A telephonic cable at a place has four long straight horizontal wires carrying a current of 1.0 amp. in the same direction east to west. The earth's magnetic field at the place is 0.39 G and the angle of dip is 35°. The magnetic declination is almost zero.

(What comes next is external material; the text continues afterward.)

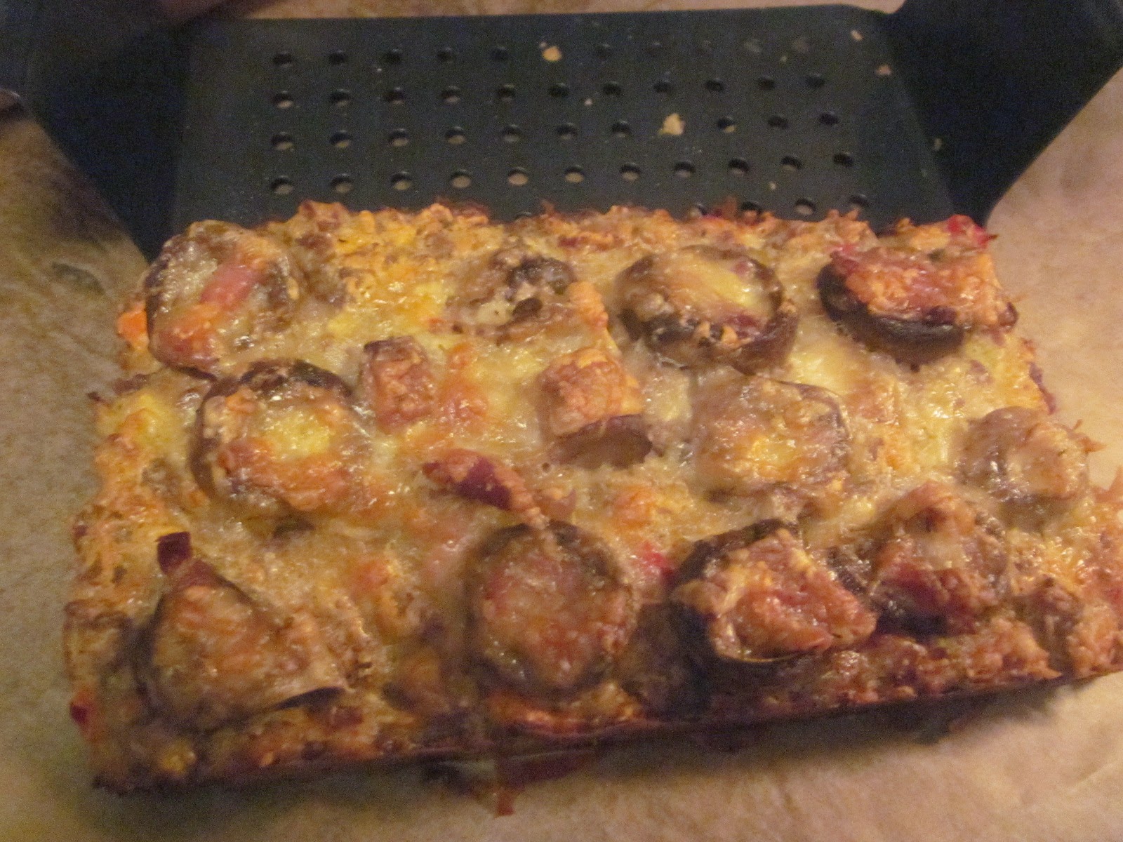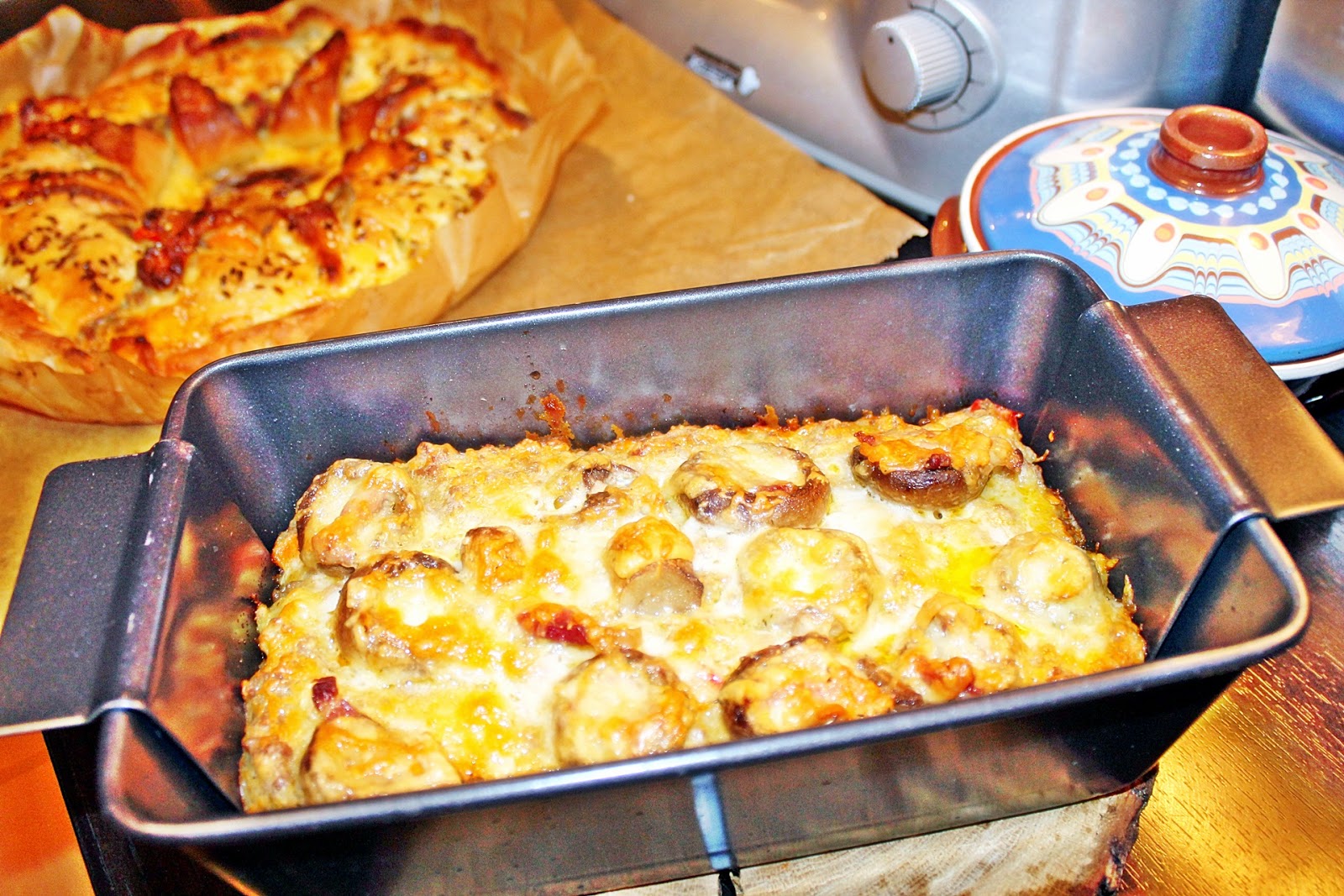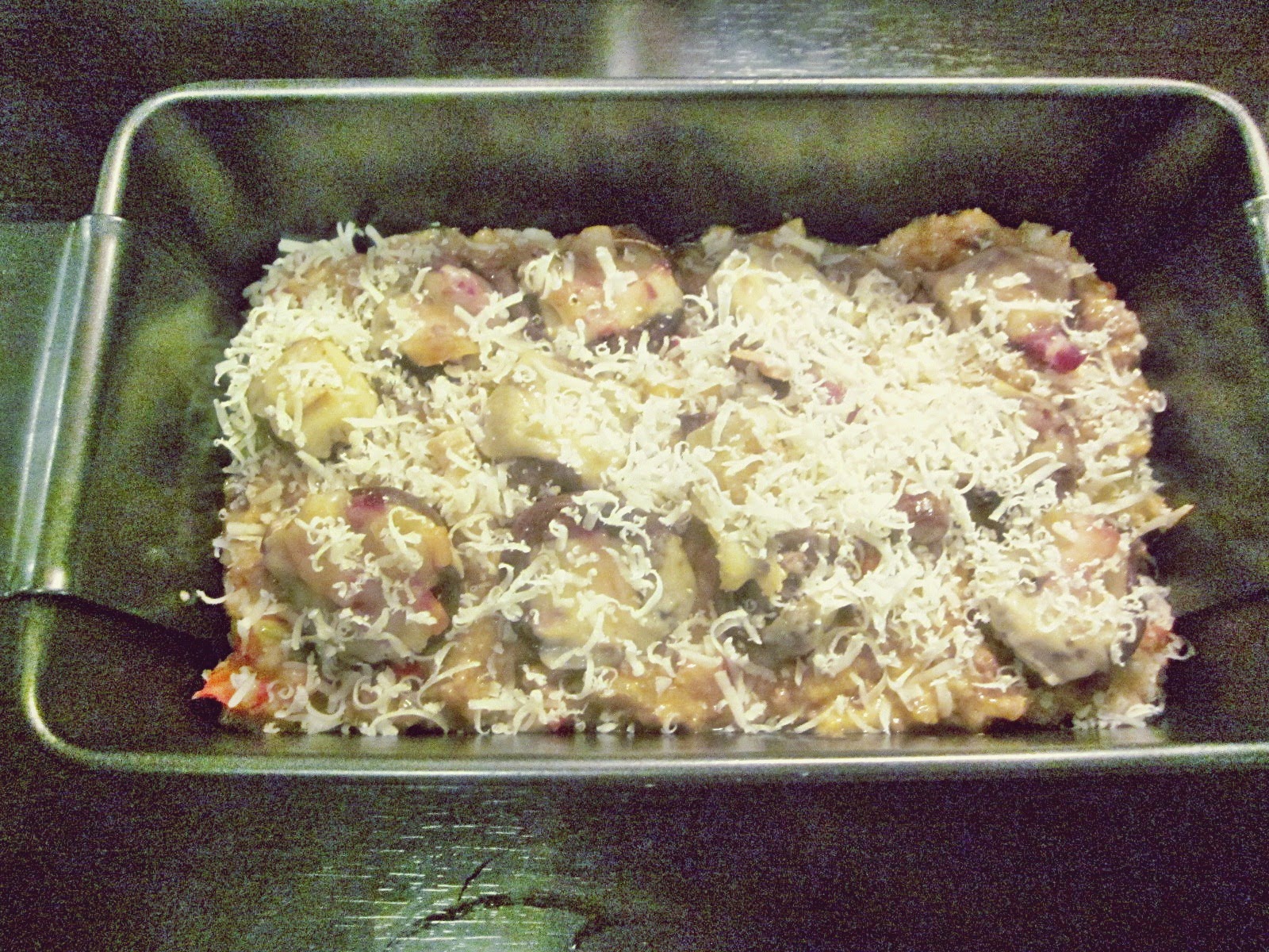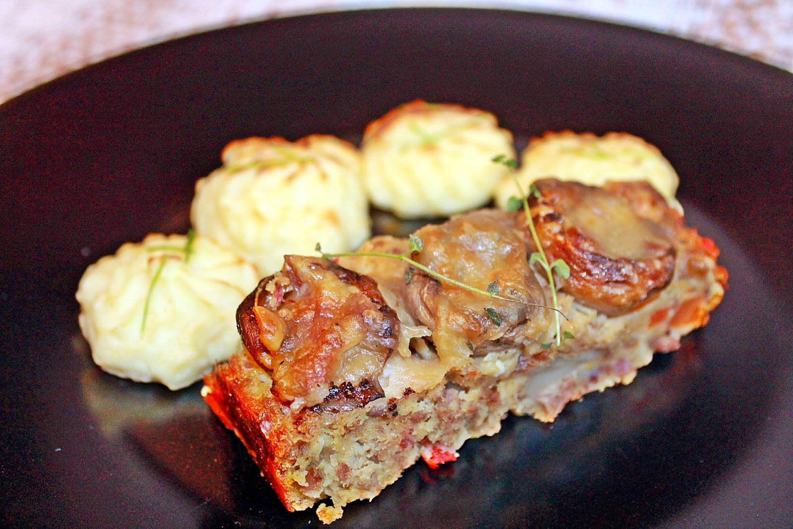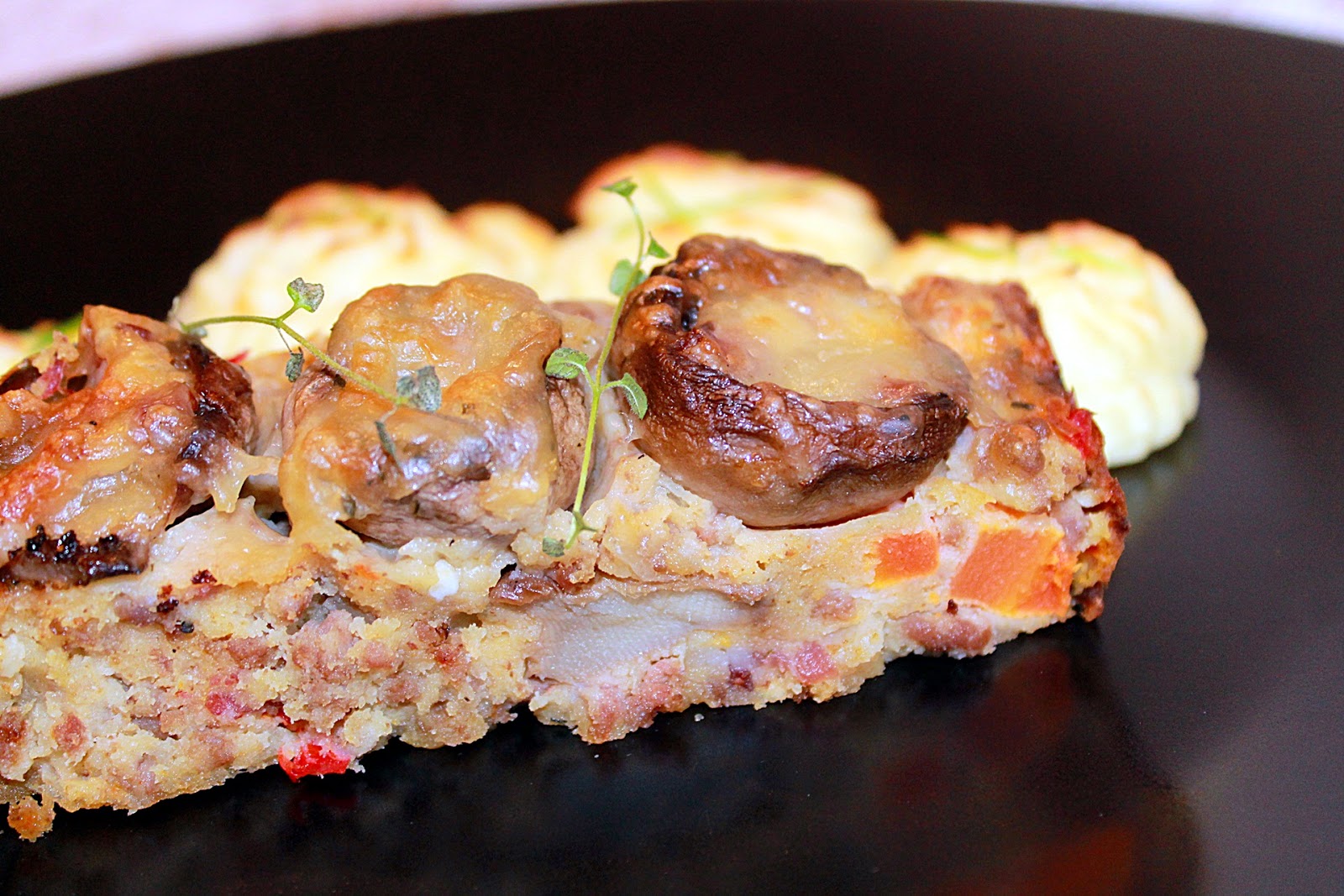 - După odihnă, amestecul de carne tocată se așează în tava special pentru preparate din carne tocată :D, sau într-o formă de chec tapetată cu foaie de pergament și se ornează cu ciupercile umplute și cașcavlul ras.

What are the resultant magnetic fields at points 4.0 cm below and above the cable?

Given,
Earth’s magnetic field, B_e = 0.39 G
Angle of dip, δ = 35°
Number of wires, n = 4
declination = 0
distance , r = 4 cm = 4 $\times {10}^{-2} \mathrm{m}$ 
Current carried by the cable, I = 1 A

∴ Horizontal component of earth’s magnetic field is given by,

B_H = B_e cos δ   
B_H = 0.39 cos 35°
     = 0.3195 G 

Vertical component of earth's magnetic field, B_v = B_e sin δ
        B_v = 0.39 sin 35°
             = 0.224 G 

Magnetic field produced by telephone cable having 4 wires is, 

 $\mathrm{B} = \left(\frac{{\mathrm{\mu }}_0\mathrm{I}. 2}{4\mathrm{\pi r}}\right)\times 4$
$$\begin{gathered} \mathrm{B}\text{'} = {10}^{-7}\times \frac{2\times 1.0\times 4}{4\times {10}^{-2}} \\ = 0.2 \times {10}^{-4}\mathrm{T} \\ = 0.2 \mathrm{G} \end{gathered}$$  

Now,
We will find the resultant field below the cable.
As per the right hand thumb rule, the direction of B’ will be opposite to B_H at a point below the cable.
Therefore at a point 4 cm below the cable, resultant horizontal component of earth’s field
R_H = B_H – B’
     = 0.3195 – 0.2
     = 0.1195 G 

Resultant vertical component of earth’s field
R_v = B_v = 0.224 G (unchanged) 

∴ Resultant of earth’s field 

$$\begin{gathered} \mathrm{R} = \sqrt{{\mathrm{R}}_{\mathrm{H}}^2+{\mathrm{R}}_{\mathrm{V}}^2} \\ = \sqrt{(0.1195{)}^2+(0.224{)}^2} \\ = \sqrt{0.0143+0.0500} \\ = \sqrt{0.0643} \\ = 0.254 \mathrm{G} \end{gathered}$$ 

Now,
Resultant field above the cable is given as per right hand thumb rule which says that, at a point above the cable, B’ will be in the same direction as B_H.
Hence, at a point 4 cm above the cable,
                       $$\begin{gathered} {\mathrm{R}}_{\mathrm{H}} = {\mathrm{B}}_{\mathrm{H}}+\mathrm{B}\text{'} \\ = 0.3195+0.2 \\ = 0.5195 \mathrm{G} \\ {\mathrm{R}}_{\mathrm{V}} = {\mathrm{B}}_{\mathrm{V}} \\ = 0.224 \mathrm{G} \end{gathered}$$ 

$\therefore$Resultant magnetic field is, 

   $\mathrm{R}=\sqrt{{\mathrm{R}}_{\mathrm{H}}^2+{\mathrm{R}}_{\mathrm{V}}^2}$
     $= \sqrt{(0.5195{)}^2+(0.224{)}^2}$ 
  $\mathrm{R} = 0.566 \mathrm{G}.$